WORK ITEM.
Your answer must be an exact copy of the records, minus any pictures.

(Stored data entries)
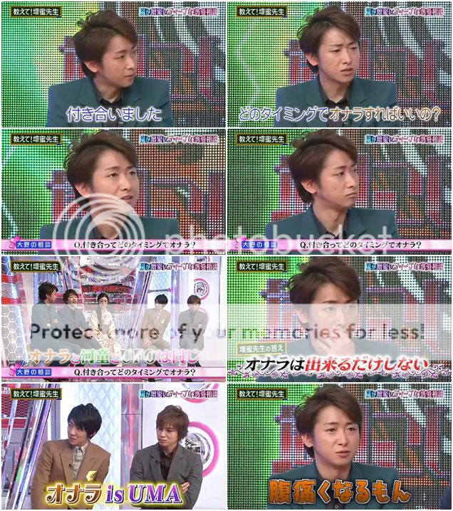 雅紀也有一段蠻好笑的,就是NINO說大家可以輪流問壇蜜桑關於戀愛的問題。NINO請雅紀問個大人該問的問題。哈哈!!完全不相信你家竹馬啊你。
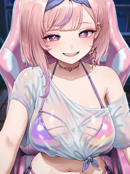 プロンプト: essievtuber, 1girl, ピンクの髪, スイムウェア, ビキニ, 笑顔, essieoutfit1, 異色瞳, 紫の目, 多色の髪, ジュエリー, シャツ, 透け感, おへそ, 星(記号), チョーカー、
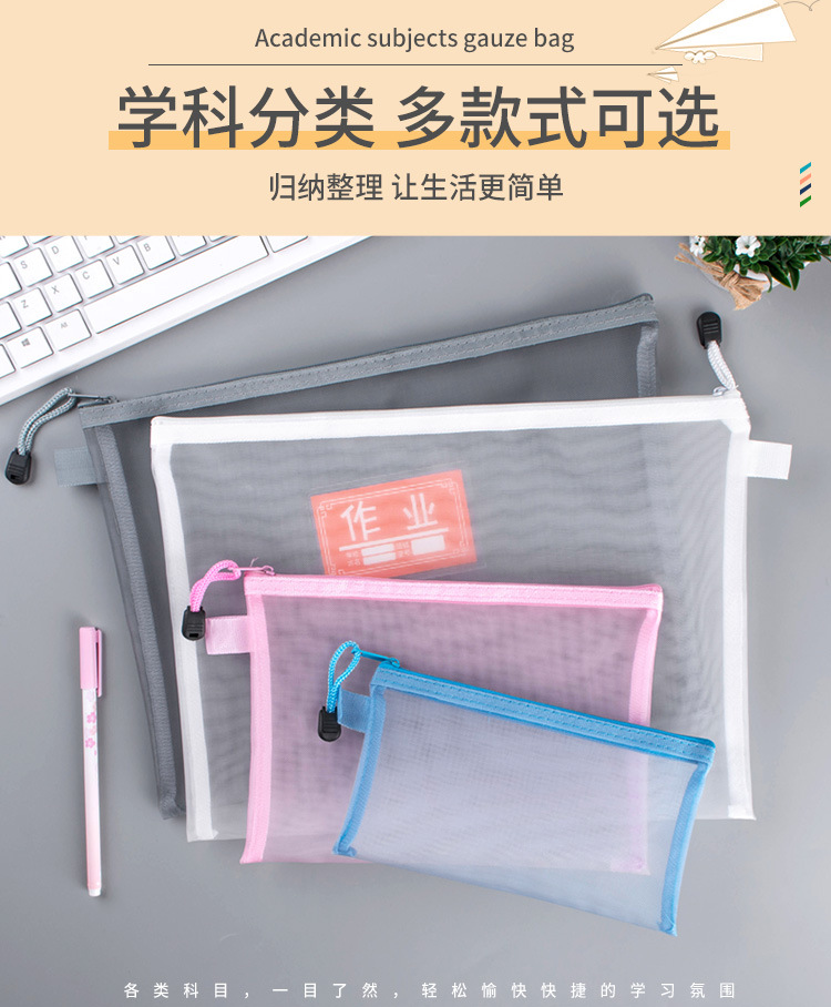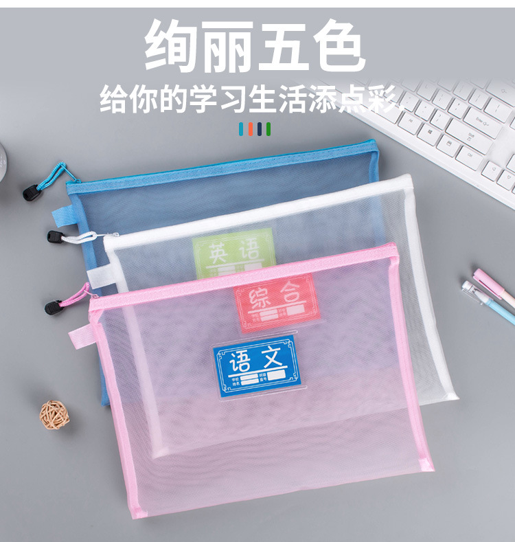学科科目袋分类文件袋双层拉链大容量学生作业袋透明网纱A4资料袋
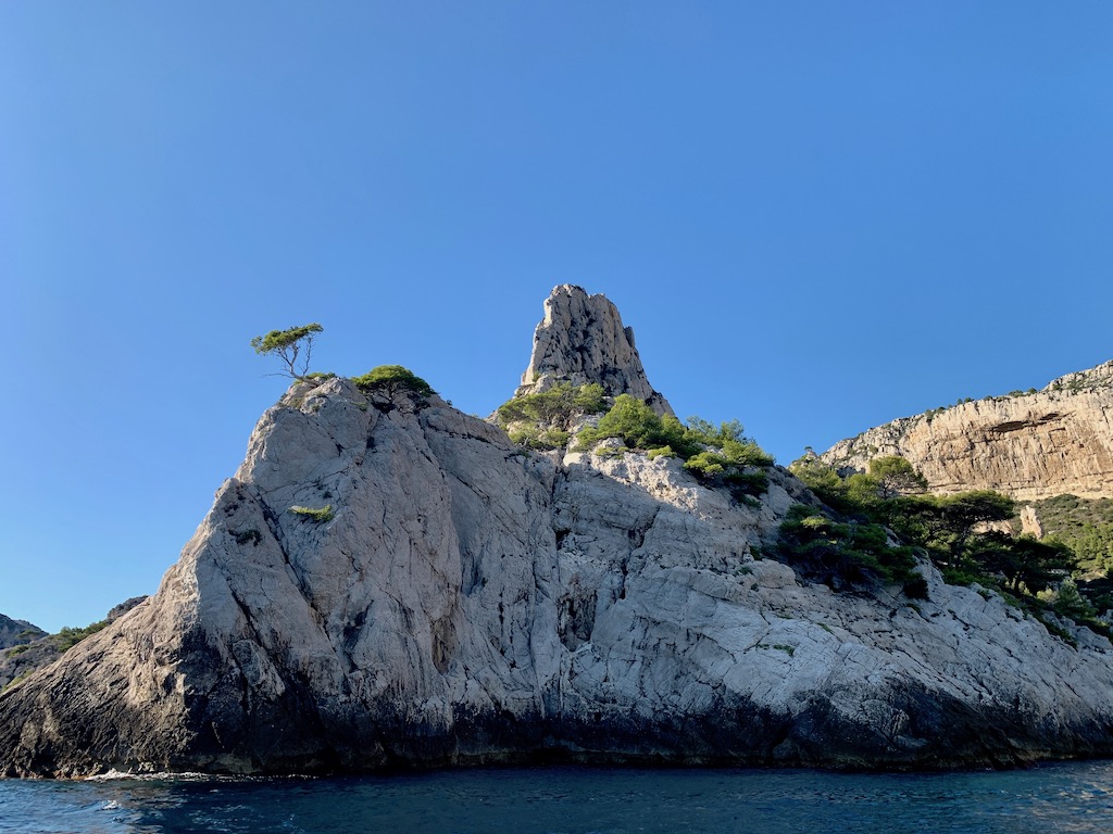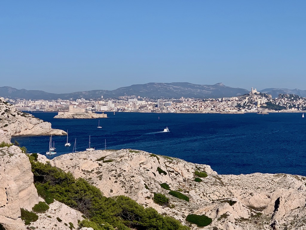 Nach dem Frühstück machten wir uns auf den Weg Richtung Île Frioul. Auch hier waren wir schon vor vielen Jahren mit einem gecharterten Boot im Hafen gewesen. Wir ankerten südlich des Hafens in einer der wenigen grösseren Ankerbuchten mit etwas Sandboden. Am Nachmittag fuhren wir mit dem Beiboot an Land und machten eine längere Wanderung bis hoch hinauf zum Fort de Caveaux. Von hier aus hatten wir einen tollen Ausblick über die Insel und auf Marseille im Hintergrund.
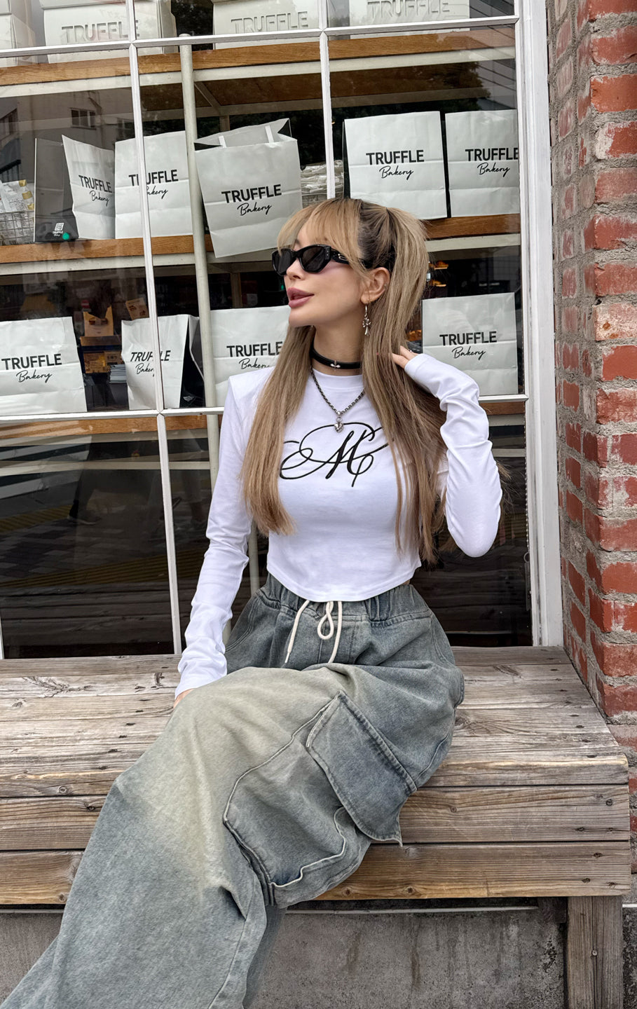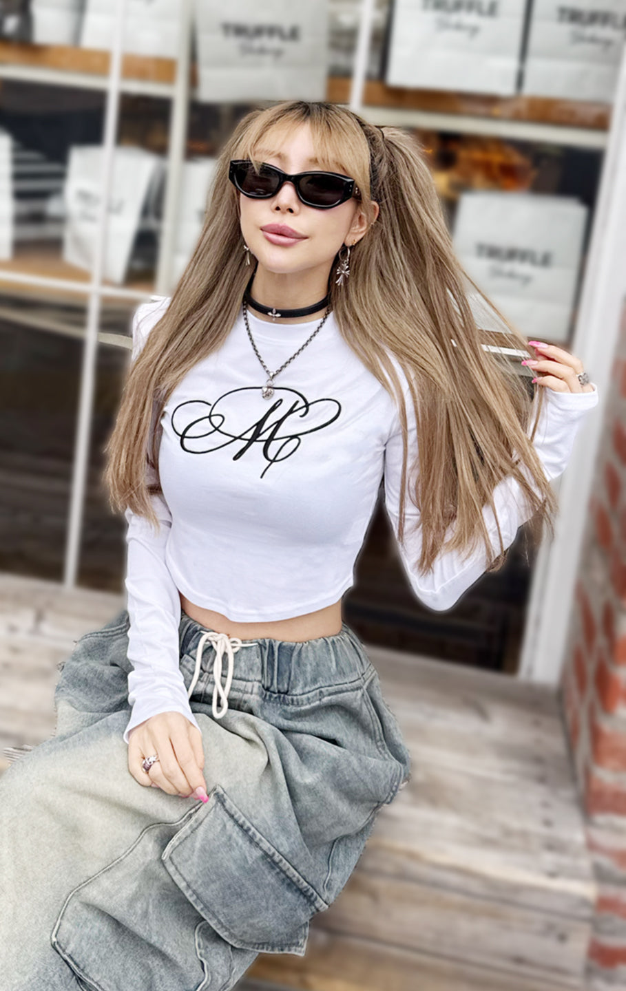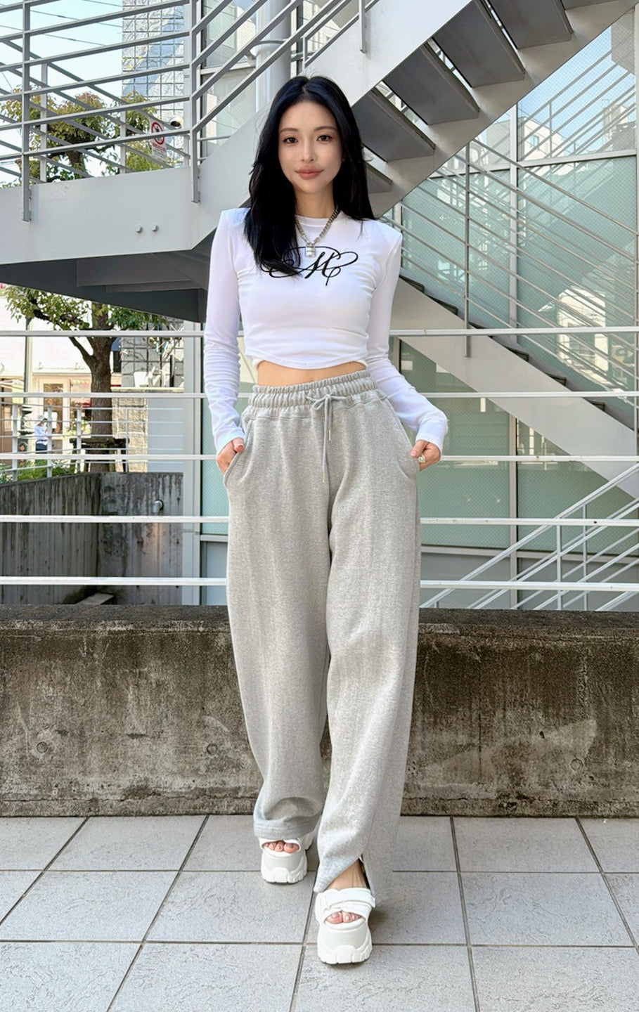 こちらも大満足のトップス。白を購入しましたが、デザインも可愛いし肩パッドが入っているのでウエストとの差がはっきりと分かりスタイルもかなり良く見えます。程よい腹チラでsweat wide pantsと合わせてホワイトコーデがとにかくかわいい♡今の少し肌寒い季節にぴったり♡

ANSWER TO THIS EXERCISE.
 雅紀也有一段蠻好笑的,就是NINO說大家可以輪流問壇蜜桑關於戀愛的問題。NINO請雅紀問個大人該問的問題。哈哈!!完全不相信你家竹馬啊你。
 プロンプト: essievtuber, 1girl, ピンクの髪, スイムウェア, ビキニ, 笑顔, essieoutfit1, 異色瞳, 紫の目, 多色の髪, ジュエリー, シャツ, 透け感, おへそ, 星(記号), チョーカー、
学科科目袋分类文件袋双层拉链大容量学生作业袋透明网纱A4资料袋
 Nach dem Frühstück machten wir uns auf den Weg Richtung Île Frioul. Auch hier waren wir schon vor vielen Jahren mit einem gecharterten Boot im Hafen gewesen. Wir ankerten südlich des Hafens in einer der wenigen grösseren Ankerbuchten mit etwas Sandboden. Am Nachmittag fuhren wir mit dem Beiboot an Land und machten eine längere Wanderung bis hoch hinauf zum Fort de Caveaux. Von hier aus hatten wir einen tollen Ausblick über die Insel und auf Marseille im Hintergrund.
 こちらも大満足のトップス。白を購入しましたが、デザインも可愛いし肩パッドが入っているのでウエストとの差がはっきりと分かりスタイルもかなり良く見えます。程よい腹チラでsweat wide pantsと合わせてホワイトコーデがとにかくかわいい♡今の少し肌寒い季節にぴったり♡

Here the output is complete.